First of all, we have carried out high-fidelity simulations of turbulent wings in various configurations. We have conducted high-resolution large-eddy simulations (LESs) of a NACA4412 wing section at a Reynolds number based on freestream velocity and chord length of over 1 million, with several angles of attack up to 14 degrees. This enables analyzing, in a very high level of detail, both attached and detached cases. Furthermore, we have carried out high-resolution LES of a NACA0012 wing with a rounded wing tip, i.e. including the effect of wing-tip vortices, at a Reynolds number of 200,000 and angles of attack up to 10 degrees, again being able to assess both attached and detached cases. This is a unique database, with important implications in the context of wall-bounded turbulence.
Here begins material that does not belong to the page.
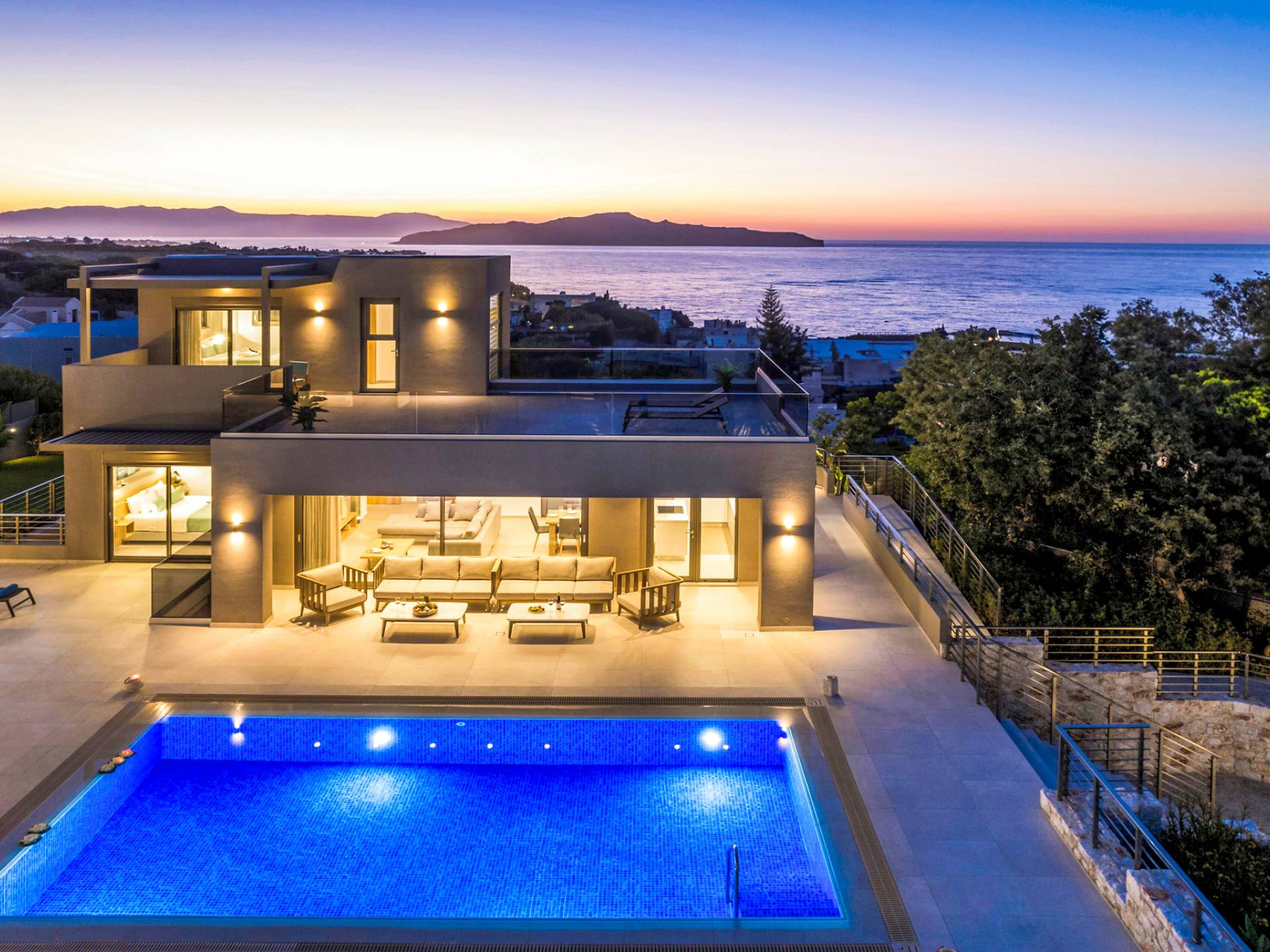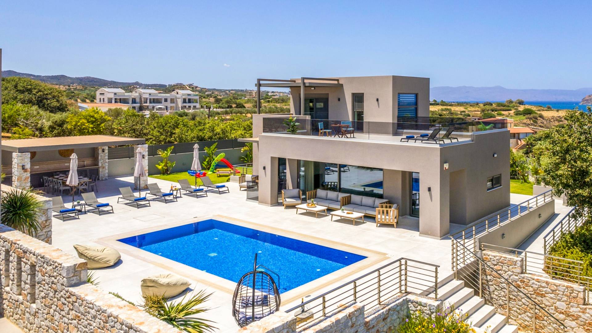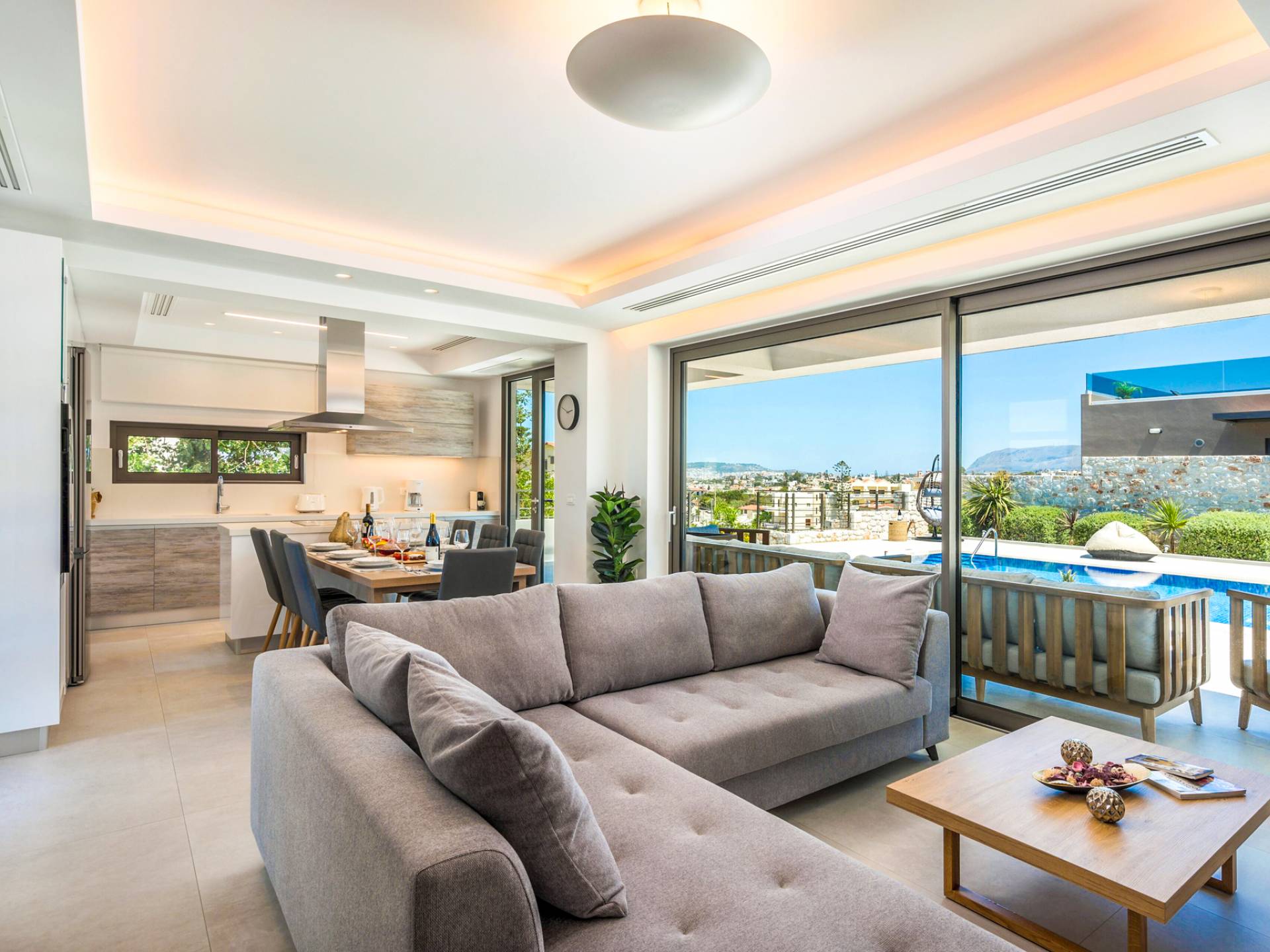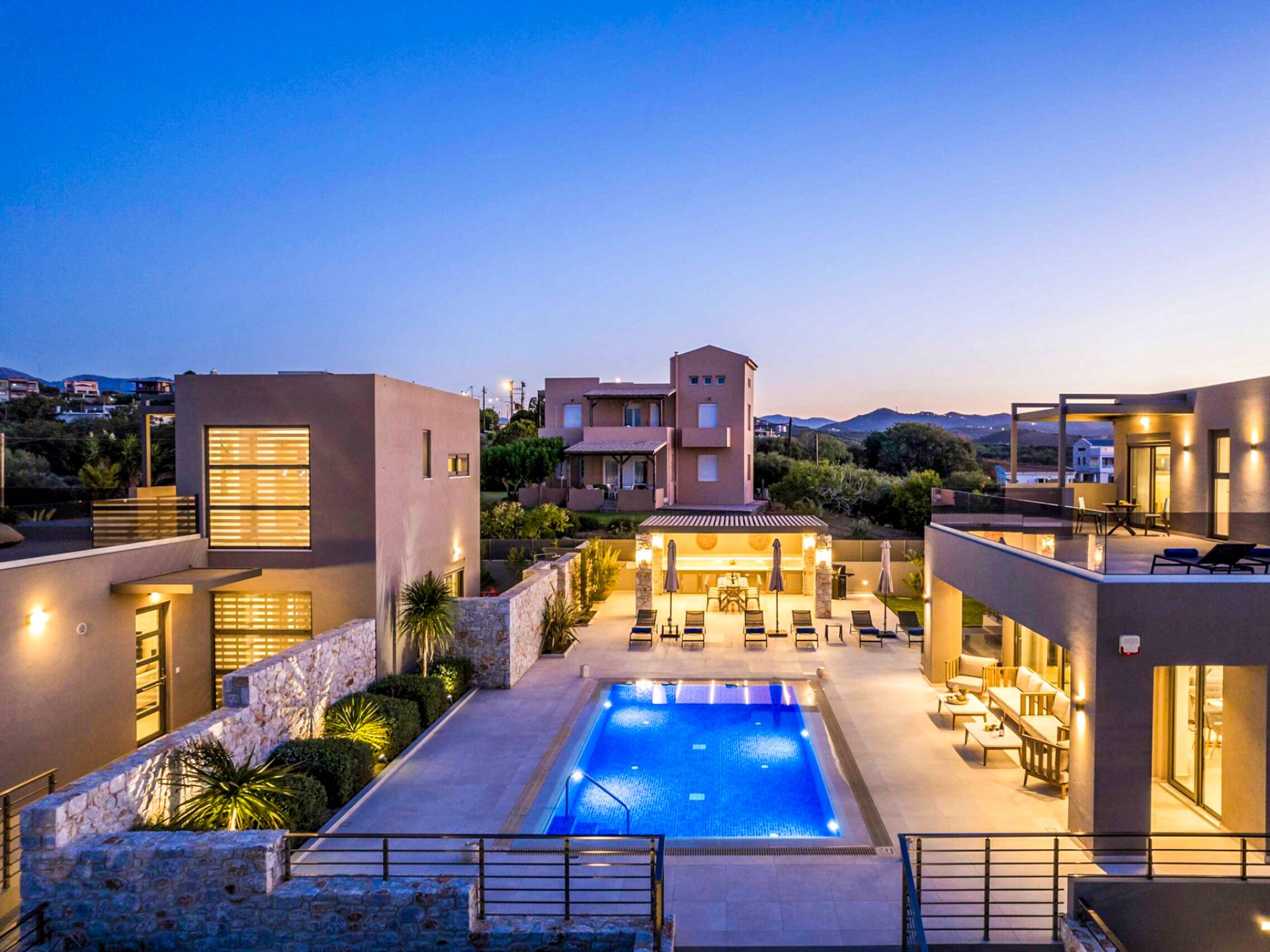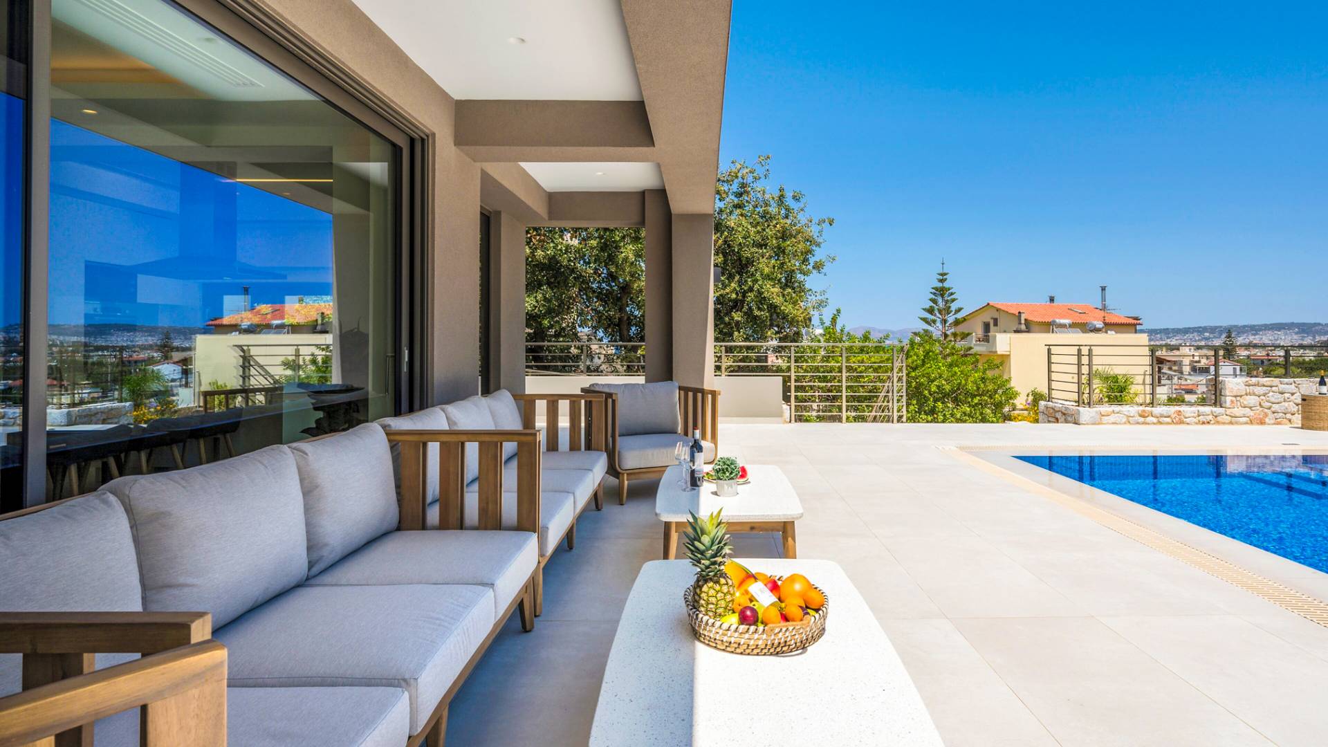 Neos Retreat 2 Chania Crete - Luxury villa with heated pool, jacuzzi, sauna, gym & 5 bedrooms. Just 300m from the beach and minutes from Chania Old Town. Perfect for families & groups.

When it comes to sensing the flow from the wall, we have further developed several deep-learning-based techniques, allowing very accurate predictions with a wide range of cases, including flat-plate turbulence and also three-dimensional wakes. In addition to being able to sense two-dimensional (2D) planes from the wall, we can also predict the three-dimensional (3D) volume above the wall, thus significantly enhancing the applicability of the sensing strategy. Also, when it comes to sensing an predicting the flow, we have developed a methodology based on beta variational autoencoders (betaVAE) and transformers to create reduced-order models (ROMs) which enable very robust predictions of the flow, outperforming classical methods e.g. based on proper-orthogonal decomposition (POD). Furthermore, we have also developed a novel methodology based on explainable deep learning which enables identifying the most important regions of turbulent flows, leading to results questioning the classical knowledge regarding coherent structures in turbulence.
Regarding the usage of deep reinforcement learning (DRL) for flow control, we have established a multi-agent reinforcement learning (MARL) methodology leading to extremely good flow-control results in a number of relevant turbulent cases, including: turbulent channel flow (where we reduce the drag more than the classical opposition control); turbulent separation bubble (where we reduce the separation length more than the classical periodic control); three-dimensional cylinder (where we reduce the drag more than the classical periodic control); and even Rayleigh-Béndard convection (where we reduce the Nusselt number more than the classical proportional control). This method, leading to breakthroughs in the context of flow control, is currently being applied to turbulent wings, leading to very promising results.
We have also started performing LES of more complex wing geometries, including high-lift devices and realistic wings. Finally, we have started the design of the experimental work, involving turbulent wings with jet actuators to reduce the drag, and also cases with separation aimed at reducing the stall conditions.